Der Gruppe der Sicherheitsfanatiker (Zu denen man mich dann wohl auch zählen kann) kann man zu diesem Zeitpunkt tatsächlich vorwerfen, keine Alternative bereitstellen zu können, die ähnlich leichte und schnelle Kommunikation unterstützt. Für die kleine Gruppe von Nerds, welche sich bewusst und sicher im Netz bewegt, ist lediglich diese Option der einzige, mögliche Ausweg, sofern er denn von 600 Millionen angenommen werden sollte.

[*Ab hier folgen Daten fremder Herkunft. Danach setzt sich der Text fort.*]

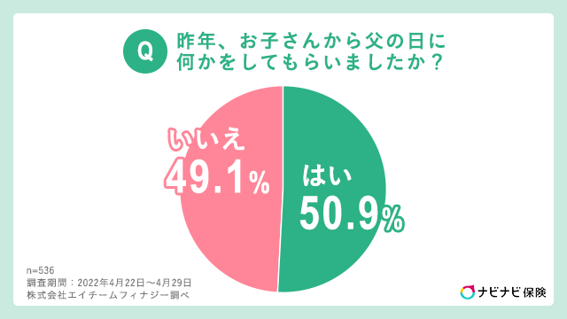 一方で、「昨年、お子さんから父の日に何かしてもらいましたか?」という質問に対しても、50.9%の方が「はい」と回答しました。
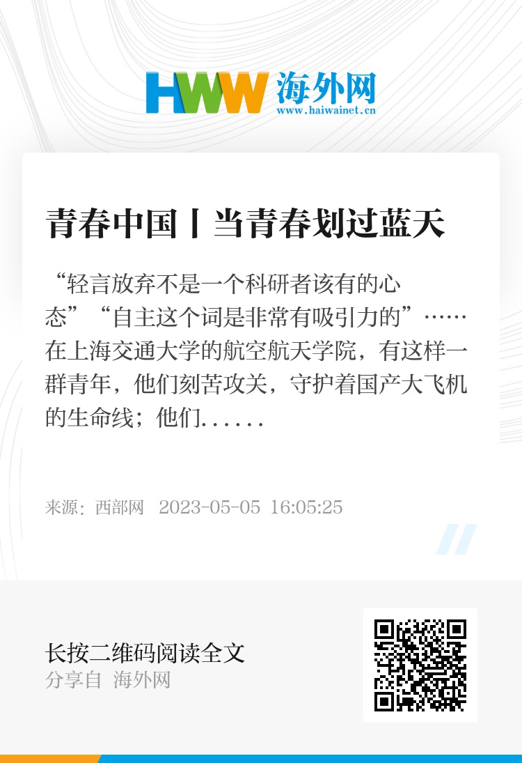 “轻言放弃不是一个科研者该有的心态”“自主这个词是非常有吸引力的”……在上海交通大学的航空航天学院,有这样一群青年,他们刻苦攻关,守护着国产大飞机的生命线;他们披荆斩棘,彰显着空天人的勇气和担当!新的征程,华章待续,他们正以青春力量赋能国之重器。
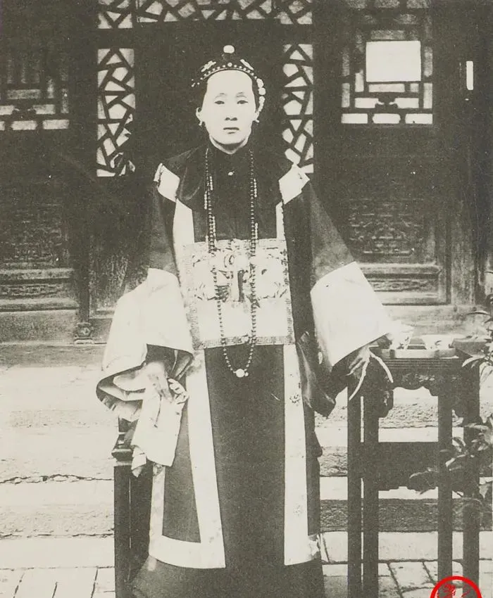 这位太太身上的叫命妇补服,胸前一块补子把身份摆明白,珠串垂到腰口,脚下却踩着花盆底,鞋跟中空,走起来得小心翼翼的挪,汉家衣纹配旗人鞋样,混搭在那时不稀奇,家里要是汉军旗的出身,这样穿更顺理成章,妈妈看这张照片笑,说这就跟现在人上身中式下身运动鞋差不多,方便和体面之间总要找个折中。
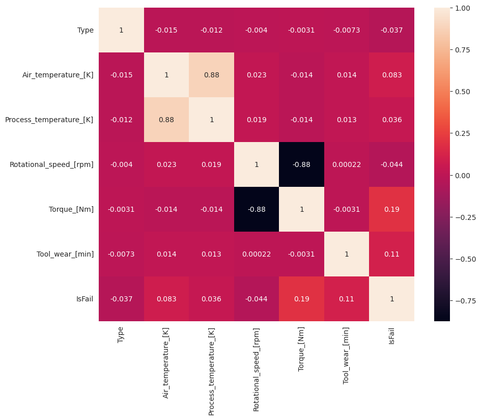| UDI | Αναγνωριστικό προϊόντος | Δακτυλογραφώ | Θερμοκρασία αέρα [K] | Θερμοκρασία διεργασίας [K] | Ταχύτητα περιστροφής [rpm] | Ροπή [Nm] | Χρήση εργαλείου [λεπτά] | Στόχος | Τύπος αποτυχίας |
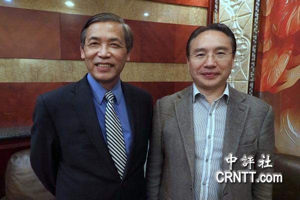 华夏政略研究会负责人王中平教授(左)和唐永红教授(中评社记者 宋楷文摄)
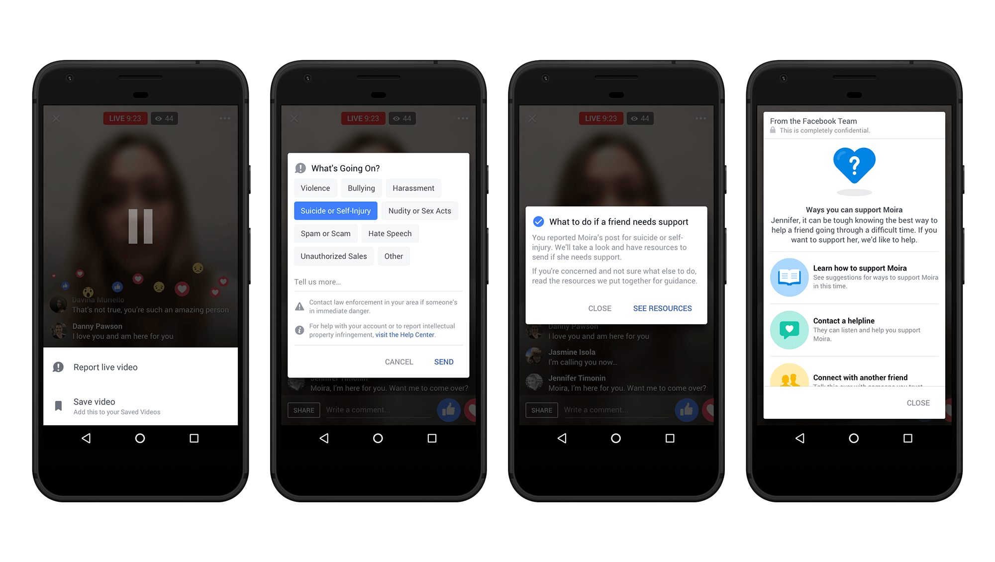 Facebook s’engage aussi pour les utilisateurs de sa plateforme vidéo en direct, Facebook Live. Maintenant, lorsque quelqu’un partage, grâce à l’option dédiée, son « inquiétude » au sujet du diffuseur de la vidéo, Facebook lui demande comment aider ce dernier et transmet l’information à son équipe dédiée pour un examen rapide.
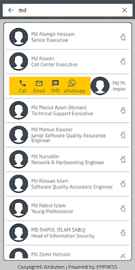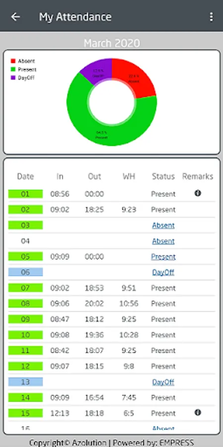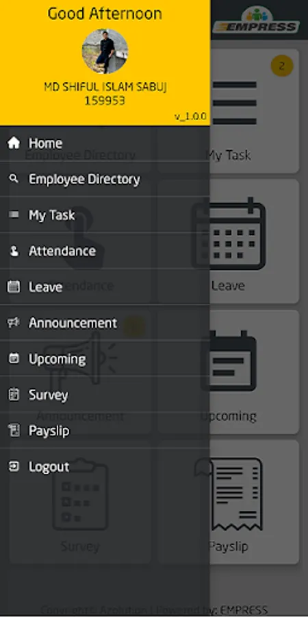 Empress Lite is the lite (mobile app) version of EMPRESS. “Employee Productivity Escalation System (Empress)” is a multi-company/location supported Human Resource Information System (HRIS) to manage employees and their daily activities which is more than HR & Payroll System, developed by Azolution Software & Engineers Ltd. To save time and to improve the Human Resource Management, Empress v5.5 is a very innovative solution to manage Employee Record, Attendance, Movement, Leave, Conveyance, Payroll, Performance, Recruitment, etc. very efficiently. The resource utilization can be improved by more than 50% and save management time more than half by implementing Empress. Experience the ultimate power of Human Resource & Payroll Software.
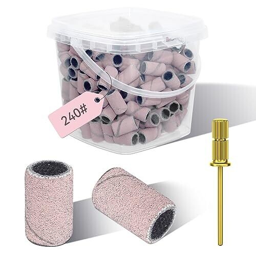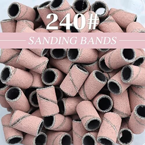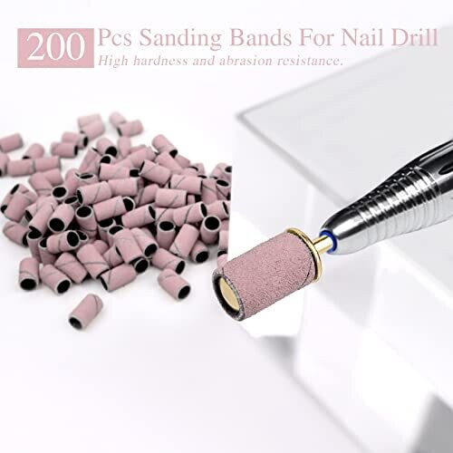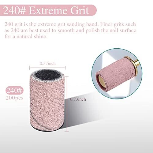 200 pcs Nail Drill Bits Sanding Bands 240# Fine Grit for Acrylic Nails Gel Manicures
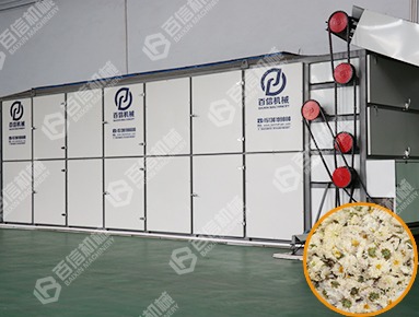 #百信機(jī)械金銀花烘干機(jī)技術(shù)常識(shí)早知道:金銀花烘干機(jī)采用網(wǎng)帶式烘干機(jī)是一種批量、連續(xù)式生產(chǎn)的干燥設(shè)備,主要用于片狀、條狀、顆粒狀物料的干燥。需要烘干的金銀花通過輸送機(jī)直接輸送到平板輸送機(jī)上,通過平板輸送機(jī)上端的刮板將金銀花勻布在烘干機(jī)上,提高成品的透氣性,達(dá)到烘干效果,可保證所有設(shè)備的連續(xù)生產(chǎn),可實(shí)現(xiàn)溫度的自動(dòng)控制和手動(dòng)控制,傳動(dòng)速度可實(shí)現(xiàn)無級調(diào)速。金銀花烘干機(jī)適合于多種物料的烘干、脫水、固化。
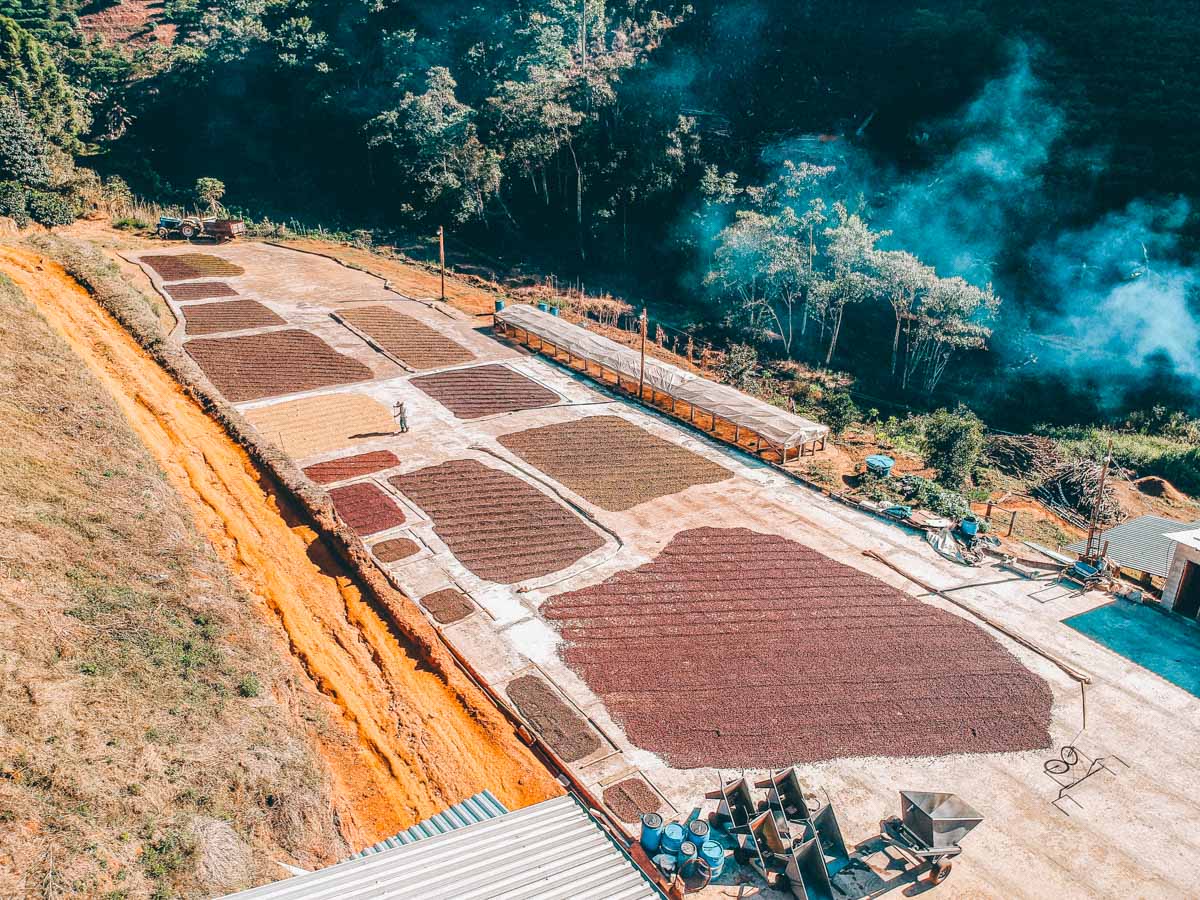 Brazil has a strong reputation for its production of natural and pulped-natural coffees. In the natural process, coffee beans are harvested and dried, typically on spacious concrete patios.
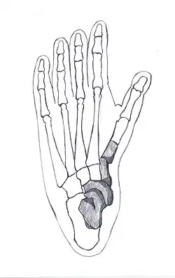- koncové články prstů ruky opatřené drsnatinou pro masitá bříška (tuberositas phalangis distalis) jako u lidí - odlišně od starších australopitéků i moderních lidoopů

Wir sind hier – zumindest zum jetzigen Zeitpunkt – in einer Sackgasse ohne Wendehammer. Der Nutzer, der dem Sog von Whatsapp erliegt, wird diese Plattform niemals verlassen. Er würde einen Großteil seiner sozialen Kontakte auch im #Reallife verlieren.

FAZIT:

Also vertrete ich die These, dass ab einem gewissen Alter einem Kind Whatsapp nicht verboten werden sollte. Dennoch sollten die Eltern sich mit dem Kind proaktiv auseinandersetzen und regelmäßig über dieses Thema sprechen. Wichtig ist, dass das Kind einen Ansprechpartner hat, mit dem es sich aus eigenem Antrieb über seine Erfahrungen austauschen kann. Es bringt nichts, das Kind auszuhorchen, wohl aber, bei Problemen ein verlässlicher und kompetenter Ansprechpartner zu sein. Eine Vertrauensfrage. Man schützt ein Kind nicht, indem man alle Gefahren von vorne herein ausräumt, sondern man schützt es, indem man ihm zeigt, wie man gewissenhaft damit umgeht.

Diese These mag bedenklich sein, insbesondere mit dem Wissen über das Datenschutzproblem bei Whatsapp. Gerne diskutiere ich darüber mit Euch.